Человек, темноглазая девушка немногим старше самого графа, азиатской немного внешности, но ничуть не похожая на Лау с вечной его улыбкой и его томных девушек. Сиэль распорядился принять её как гостью в фамильном поместье, и Себастьян неукоснительно выполнил приказ, предоставив ей лучшую гостевую комнату, ворох платьев и пригласив к ужину.
Слугам очень понравилась гостья – еще бы, наконец-то в этом доме появился кто-то, о ком могут заботиться и они, не только Себастьян. Бард постарался и даже не сжег своё коронное блюдо, Финни собрал в саду цветов и поставил в комнату гостье, а Мейлин полдня провела с ней, болтая женские свои разговоры и помогая переодеться.
Даже ей новая их знакомая не сказала ни слова, но то что своего имени, и слуги решили даже, что она немая, но Сиэль знает, что это не так – Себастьян проверял её язык, и убеждали посланцы королевы.
Ужин сервировали на небольшом столике, специально, чтобы удобнее было разговаривать, и девушке очень шло бирюзовое платье, выбранное для неё дворецким. Этикет и ораторское искусство – одни из предметов, которые преподает ему Себастьян, и, хоть Сиэль не общителен и обычно не утруждает себя учтивостью – владеет он ей в совершенстве. Он с пару часов пытался завязать с девушкой разговор, безуспешно, и на следующий день, и через день, и даже спустя недели.
Лишь один раз за всё это время она подала голос – вскрикнула и выругалась, как заправский портовый грузчик, с ногами забравшись на стул – когда увидела мышь. Подтвердив, что всё-таки умеет говорить.

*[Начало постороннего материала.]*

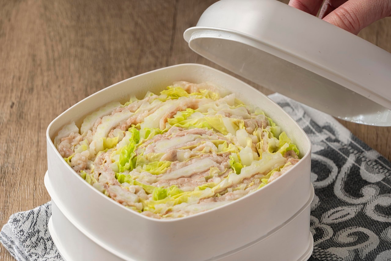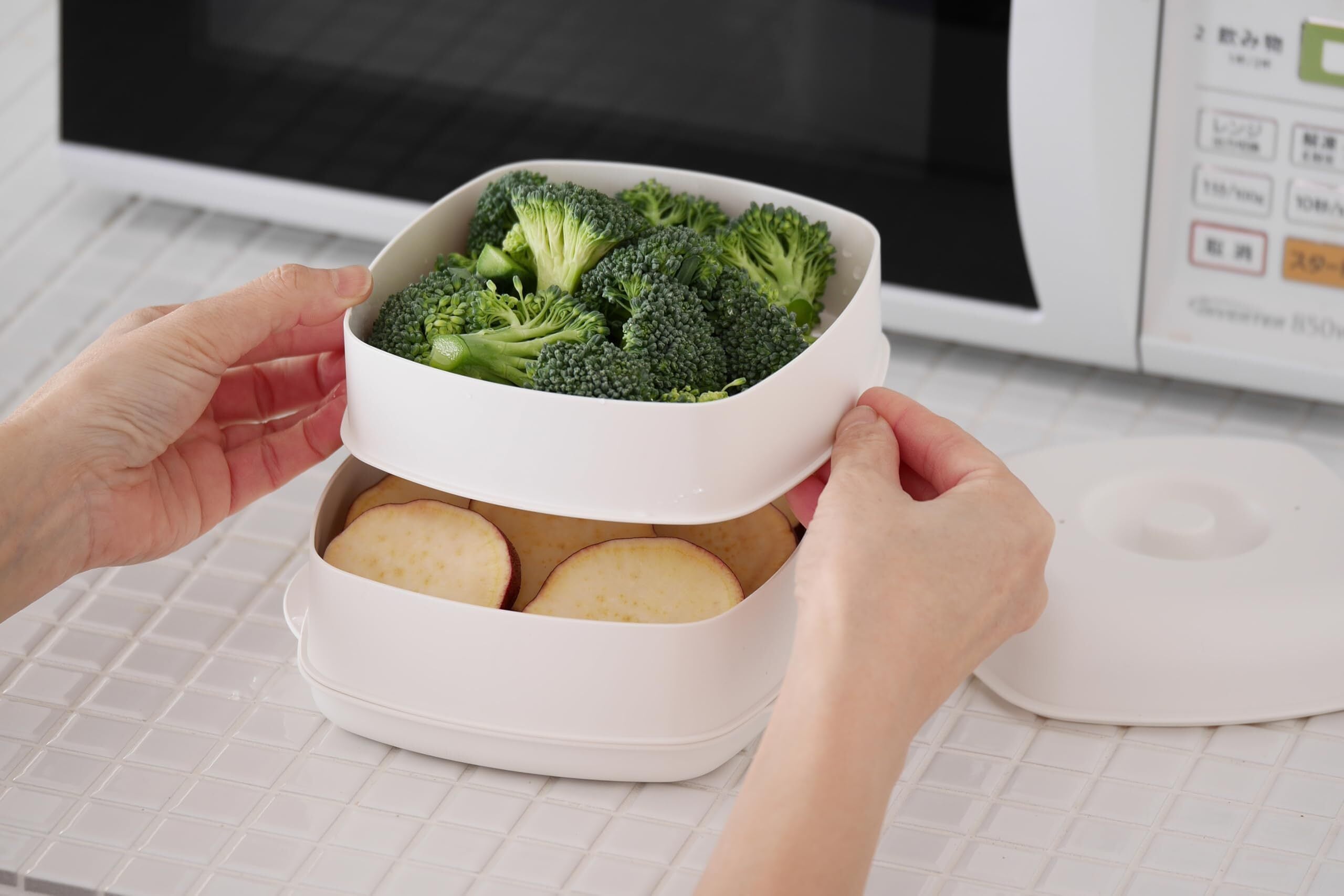 2つの食材を同時に調理できる電子レンジ用せいろです。

Больше ни обходительность, ни обещания помощи и безопасности не могли заставить её говорить. Себастьян предложил даже просто отпустить девушку, чтобы она сама привела их к нужной информации, логову сопротивления, но, к сожалению, она не была дурой и не пошла никуда вообще.
Она очень не понравилась Лиззи – еще бы, посторонняя женщина, живущая в доме твоего жениха, хоть он и назвал её дальней своей немой родственницей – не говорить же правду. Женская интуиция мощнейшее из орудий, отлично чует вранье, только трактует всегда одинаково. Не то чтобы Сиэля сильно волновало то, что подумает о нем невеста, но все же - странно смотреть, как Лиззи то и дело пытается толкнуть или пролить что-нибудь на платье той, что, по слухам – собрал Себастьян – покушалась на жизнь самой королевы.
Лиззи цеплялась за него крепко-крепко, постоянно, даже во время обеда, и заявила, что никуда не уедет, пока эта дамочка здесь. Посланники королевы стали приходить куда чаще раза в пару дней, спрашивая о его успехах все настойчивее, и Сиэль старается держать себя в руках, всегда, очень старается, но в один прекрасный день, как только уходит королевский слуга, он обхватывает голову руками и спрашивает просто:
- Что она хочет от меня, Себастьян?
Так ужасно непочтительно о королеве. И дворецкий улыбнулся в ответ тонко, пододвигая ему очередную порцию тошнотворного сладкого, и сказал – мягко, осуждающе, усталому мальчишке – не притворяйся, не маленький уже:
- Вы с самого начала знали, мой господин.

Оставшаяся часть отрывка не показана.